╭──
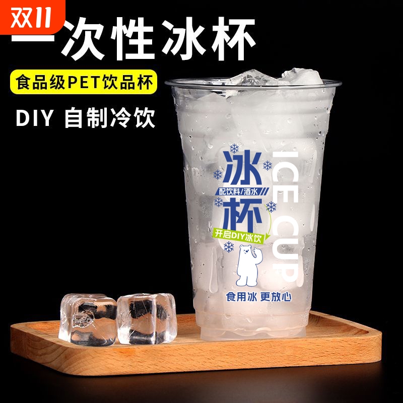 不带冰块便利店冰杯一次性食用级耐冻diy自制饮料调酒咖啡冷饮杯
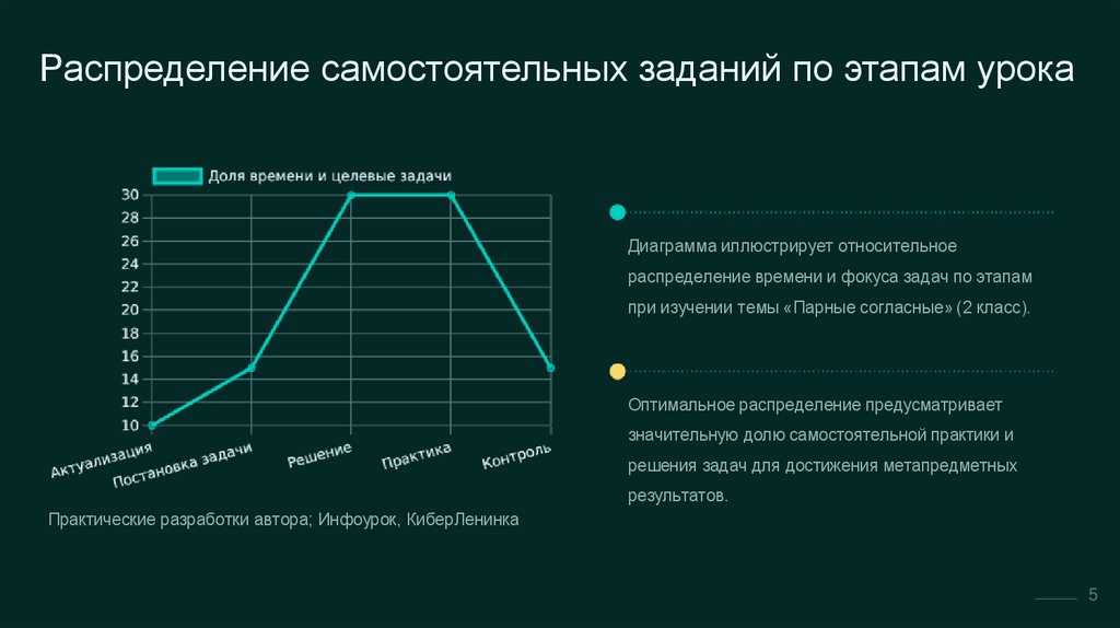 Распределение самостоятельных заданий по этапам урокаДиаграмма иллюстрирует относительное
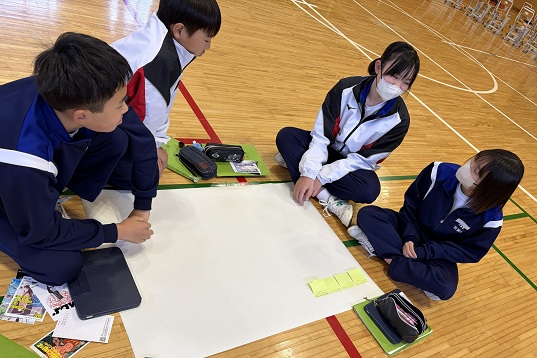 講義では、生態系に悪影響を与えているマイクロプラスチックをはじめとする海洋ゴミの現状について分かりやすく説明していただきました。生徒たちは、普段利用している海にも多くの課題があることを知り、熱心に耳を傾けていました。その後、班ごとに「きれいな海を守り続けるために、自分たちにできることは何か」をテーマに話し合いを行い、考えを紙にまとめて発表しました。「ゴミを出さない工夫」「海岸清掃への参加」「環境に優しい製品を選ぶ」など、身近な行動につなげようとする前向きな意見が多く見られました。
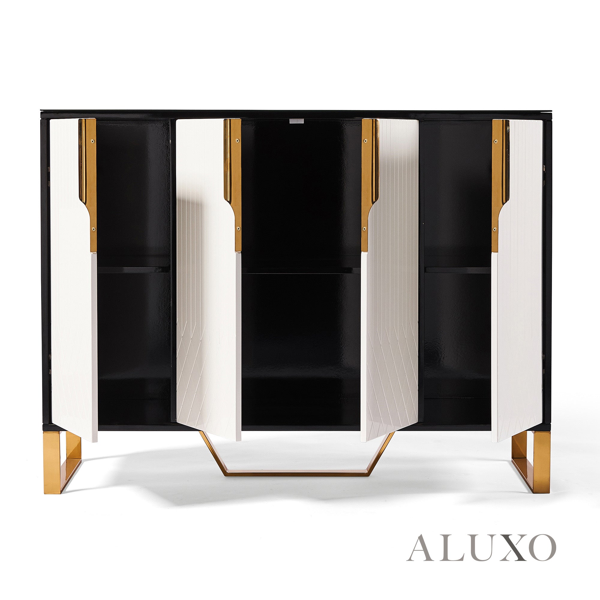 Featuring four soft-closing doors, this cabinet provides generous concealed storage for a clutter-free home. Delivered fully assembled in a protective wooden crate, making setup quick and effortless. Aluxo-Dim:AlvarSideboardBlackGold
╰──
╭──
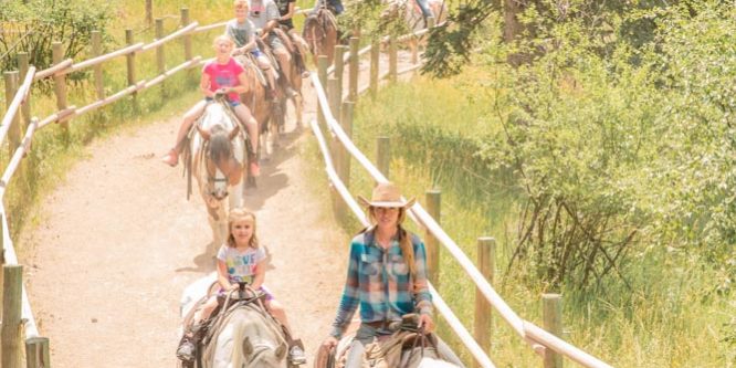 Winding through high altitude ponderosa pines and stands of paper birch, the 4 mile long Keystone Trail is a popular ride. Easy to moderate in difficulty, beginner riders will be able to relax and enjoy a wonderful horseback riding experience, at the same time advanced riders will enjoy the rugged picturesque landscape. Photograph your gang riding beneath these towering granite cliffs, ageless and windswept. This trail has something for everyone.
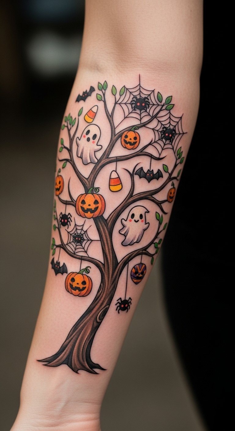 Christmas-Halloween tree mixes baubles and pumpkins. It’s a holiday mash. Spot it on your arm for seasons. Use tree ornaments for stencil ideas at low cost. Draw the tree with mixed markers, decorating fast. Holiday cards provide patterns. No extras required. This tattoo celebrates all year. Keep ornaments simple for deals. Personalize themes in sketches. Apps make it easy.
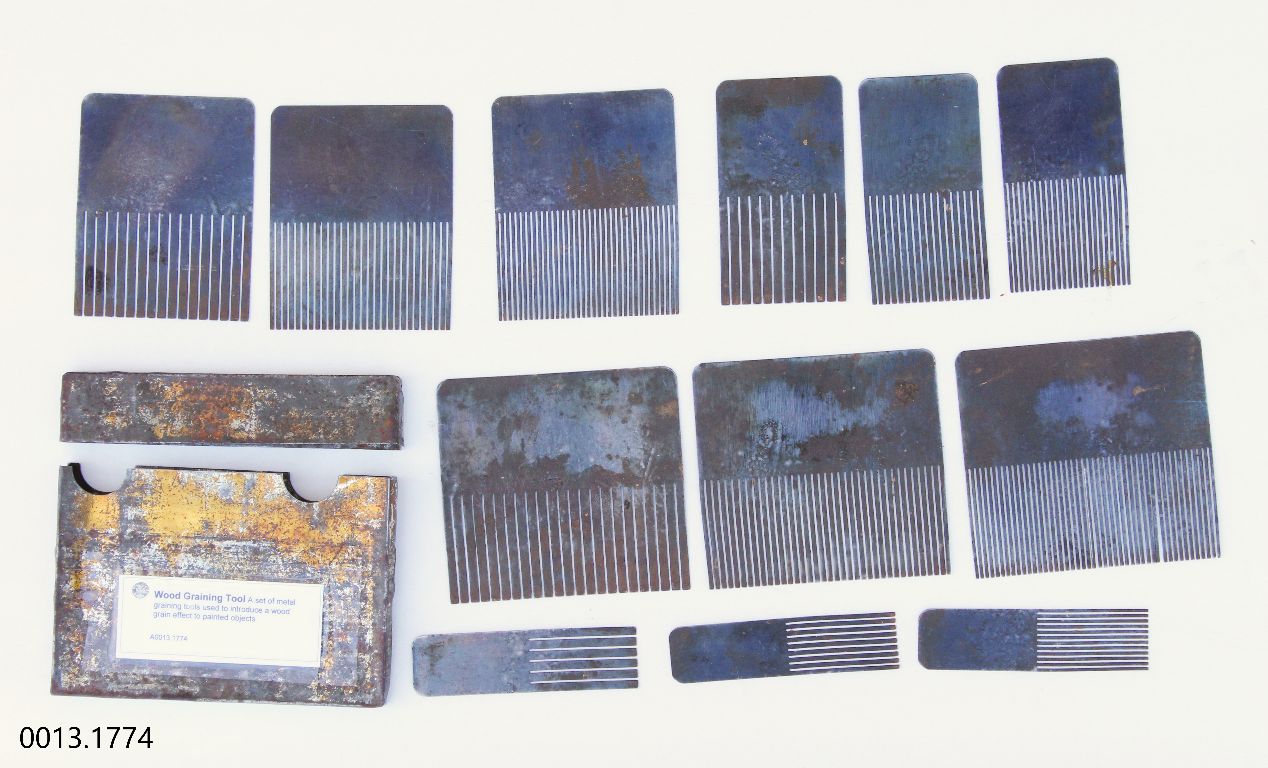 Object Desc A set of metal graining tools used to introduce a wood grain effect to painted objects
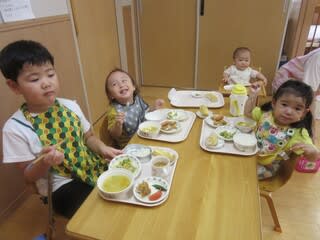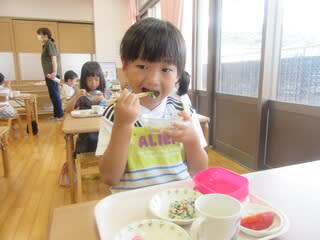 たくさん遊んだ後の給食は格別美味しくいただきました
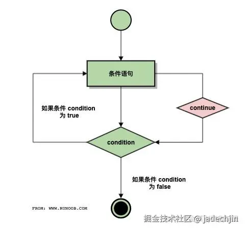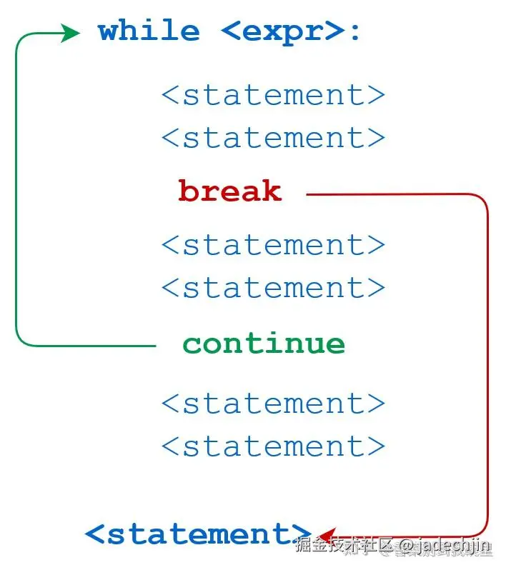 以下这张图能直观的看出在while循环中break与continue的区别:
╰──
§ **EXERCISE GOAL**:
Go to the line above that has "不带冰块便利店冰杯一次性食用级耐冻diy自制饮料调酒咖啡冷饮杯" and copy exactly from there down to the line that has "講義では、生態系に悪影響を与", both included. Leave the pictures out.

§ **RESULT**:
 不带冰块便利店冰杯一次性食用级耐冻diy自制饮料调酒咖啡冷饮杯
 Распределение самостоятельных заданий по этапам урокаДиаграмма иллюстрирует относительное
 講義では、生態系に悪影響を与えているマイクロプラスチックをはじめとする海洋ゴミの現状について分かりやすく説明していただきました。生徒たちは、普段利用している海にも多くの課題があることを知り、熱心に耳を傾けていました。その後、班ごとに「きれいな海を守り続けるために、自分たちにできることは何か」をテーマに話し合いを行い、考えを紙にまとめて発表しました。「ゴミを出さない工夫」「海岸清掃への参加」「環境に優しい製品を選ぶ」など、身近な行動につなげようとする前向きな意見が多く見られました。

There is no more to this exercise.